I sort of know if I went through these simulations it would change my outlook and behavior in life. These are also obviously topics I already am familiar with, but there are surely lots of topics I’m unfamiliar with that would change my view of the world. Of course I can’t have all these experiences, and I’m not sure how I should try to adjust my behavior today on the expectations of how my behaviors would change if I were to have experiences that I’m not going to have, but plausibly could have.
Is it rational for me to eat less meat now, even though I enjoy it and don’t feel guilty, because a plausible counter-factual me who had some experiences I don’t have would tell me to? Or is it rational for me to eat meat because there is no counter-factual me who exists, and as it stands now I enjoy it and don’t feel guilty?
Assuming for the sake of argument that a counterfactual me with a chicken pet would become emotionally attached to it and be unwilling to eat chickens, that still begs the question of whether the counterfactual me is acting rationally or not.

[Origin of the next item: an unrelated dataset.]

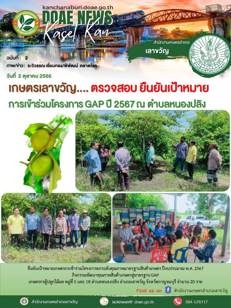วันที่ 2 ตุลาคม 2566 สำนักงานเกษตรอำเภอเลาขวัญโดยนายพิพัฒน์ คลาดโรค นักวิชาการส่งเสริมการเกษตร และนางสาวระวิวรรณ เอี่ยมทอง นักวิชาการส่งเสริมการเกษตรชำนาญการ ลงพื้นที่สำรวจตรวจสอบยืนยันเป้าหมายเกษตรกรเข้าร่วมโครงการยกระดับคุณภาพมาตรฐานสินค้าเกษตร ปีงบประมาณ พ.ศ. 2566 กิจกรรมพัฒนาคุณภาพสินค้าเกษตรสู่มาตรฐาน GAP ณ หมู่ที่ 5 ,18 ตำบลหนองปลิง อำเภอเลาขวัญ จังหวัดกาญจนบุรี เกษตรกรผู้ปลูกไม้ผล จำนวน 20 ราย

Perhaps I’m just recognizing that a counterfactual me is vulnerable to having his thought processes hacked.
I could equally well say “a counterfactual me who was kidnapped at birth and raised by Christians would grow up to be a Christian. So I should be a Christian now.” Or even “a counterfactual me who joined Scientology out of curiosity would be overcome by Scientology’s conditioning and come to actually believe in Scientology, so I should believe in Scientology now.”
We are all finite beings, so “rational” must be finite approximation of rational, so although there is a question about how far to apply systematic rationality to your thinking, that is itself not a question fully answerable by systematic rationality (although you could do a finite approximation of such an answer). Whether or not your thinking is rational here is not at stake so much as asking how much effort do you want to expend on coming up with an answer and what things you are willing to consider as evidence (counterfactual selves, for example) and how you will weigh them.